Получив у доктора чек, механически взглянула, что из моего рассказа запечатлела в компьютере симпатичная медсестра. Невольно вспомнила те времена, когда мой год рождения располагался в самом конце списка пациентов гинекологического кабинета. М-да, времена изменились.
Взглянула на часы, они показывали 11:35.
Выйдя из клиники, я увидела множество людей, прогуливающихся под солнцем. Их ежедневные траектории отличались поразительным постоянством, так что убийца, к примеру, с легкостью мог вычислить и настичь любого из них. В то время как воздушное пространство вокруг нас открыто во многих направлениях. Иногда направления движений открыты практически на 360 градусов. Когда стоим спиной к стене, тогда — если повезет — все-таки на 180. Я могла бы сейчас пройти через парковку, лечь на спину под деревом и начать звать людей на помощь. Могла бы оформить визу, купить билет и уехать к старому приятелю в Рио-де-Жанейро. И там потеряться или начать новую жизнь. Могла бы махнуть на машине в Латвию, хотя бы на пару дней, отыскать тамошних знакомых или, наоборот, могла бы, в терапевтическом смысле, изображать в Латвии лжеперсону, укрыться на какое-то время под вымышленной биографией. Но ничего такого я делать сейчас не буду, как и раньше не делала в течение этого лета. Возможности. Большая часть их умирает — так, может, они и не существуют в действительности?
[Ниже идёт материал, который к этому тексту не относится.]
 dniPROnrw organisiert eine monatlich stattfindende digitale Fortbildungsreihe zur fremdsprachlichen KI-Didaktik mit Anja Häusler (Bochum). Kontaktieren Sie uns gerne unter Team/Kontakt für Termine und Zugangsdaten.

«У тебя была возможность». У тебя есть возможность. Я несколько раз повторила про себя эти надрывные фразы.
В это пятничное утро вокруг меня прогуливалось множество людей.
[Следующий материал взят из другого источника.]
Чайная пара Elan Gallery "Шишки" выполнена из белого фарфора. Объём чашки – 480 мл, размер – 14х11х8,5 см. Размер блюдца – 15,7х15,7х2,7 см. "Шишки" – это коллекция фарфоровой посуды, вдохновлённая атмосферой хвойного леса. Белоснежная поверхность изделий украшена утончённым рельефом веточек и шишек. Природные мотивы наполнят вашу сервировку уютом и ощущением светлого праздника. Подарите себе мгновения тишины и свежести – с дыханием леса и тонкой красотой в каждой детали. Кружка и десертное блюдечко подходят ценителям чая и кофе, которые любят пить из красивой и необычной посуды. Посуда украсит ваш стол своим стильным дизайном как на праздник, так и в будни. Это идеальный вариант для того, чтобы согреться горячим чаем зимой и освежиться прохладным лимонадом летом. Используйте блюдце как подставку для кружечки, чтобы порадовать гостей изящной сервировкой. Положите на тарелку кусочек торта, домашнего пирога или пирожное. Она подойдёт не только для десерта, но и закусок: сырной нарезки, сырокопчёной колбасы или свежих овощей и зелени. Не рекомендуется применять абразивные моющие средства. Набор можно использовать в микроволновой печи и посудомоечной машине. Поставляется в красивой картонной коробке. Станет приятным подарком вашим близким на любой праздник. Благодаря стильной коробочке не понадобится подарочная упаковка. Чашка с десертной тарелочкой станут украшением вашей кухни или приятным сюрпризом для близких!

Я села в машину, жаркую как печь. Мне некогда было ждать, пока она остынет, опустила стекла и поехала. Сделала в городе пару дел, даже побывала на одном совещании, хотя сосредоточиться было очень трудно. Мне не удалось оставить о себе впечатление внимательного и бодрого человека, приходилось по несколько раз переспрашивать и уточнять: «Так во сколько в пятницу? Так ты сказала, что уже пригласила его выступить?» Глупо улыбалась, хотя и предпочла бы обратить на себя внимание деловитостью, но что теперь поделаешь.
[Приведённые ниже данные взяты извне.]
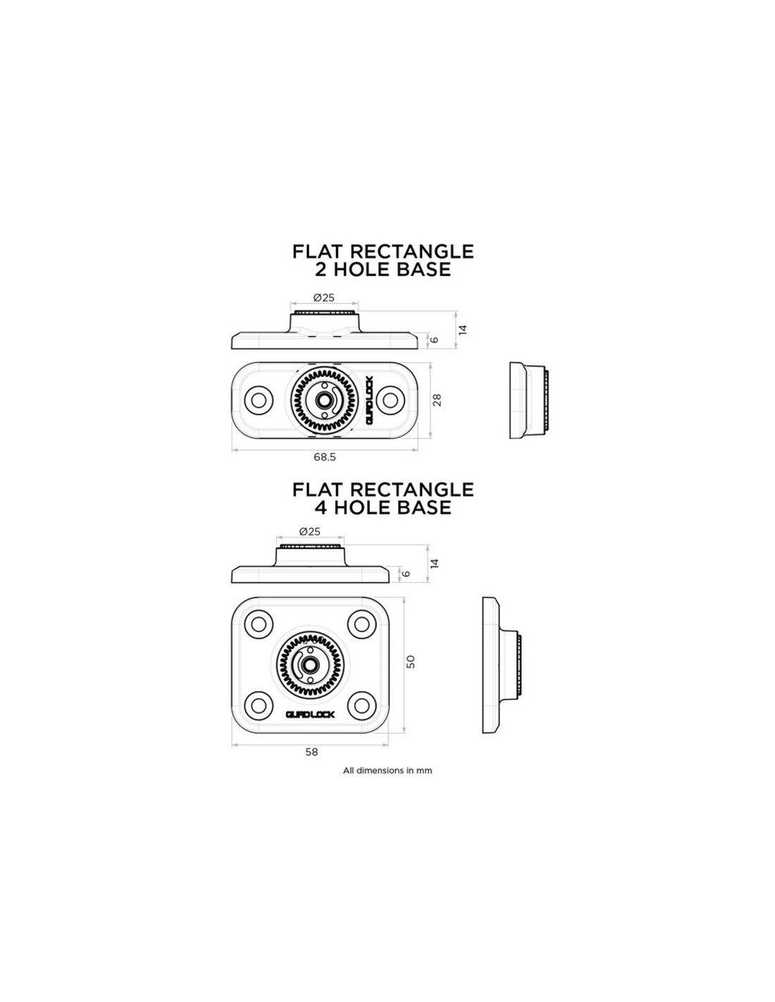 QUAD LOCK RECTANGULAR BASE QLP-360-F2H

Через несколько часов я направилась домой, в район советской новостройки, который все больше становился похожим на гетто и в светлые летние дни выглядел особенно удручающе. Деревья, разумеется, были зелеными, трава подстрижена и некоторые кусты желтовато цвели. Фасады и боковые стены отдельных панельных домов выглядели утепленными, молодые семьи прогуливались с детьми и собаками. И все-таки именно летом этот район производил на меня впечатление замкнутой виртуальной среды, напоминая давние игры SimCity.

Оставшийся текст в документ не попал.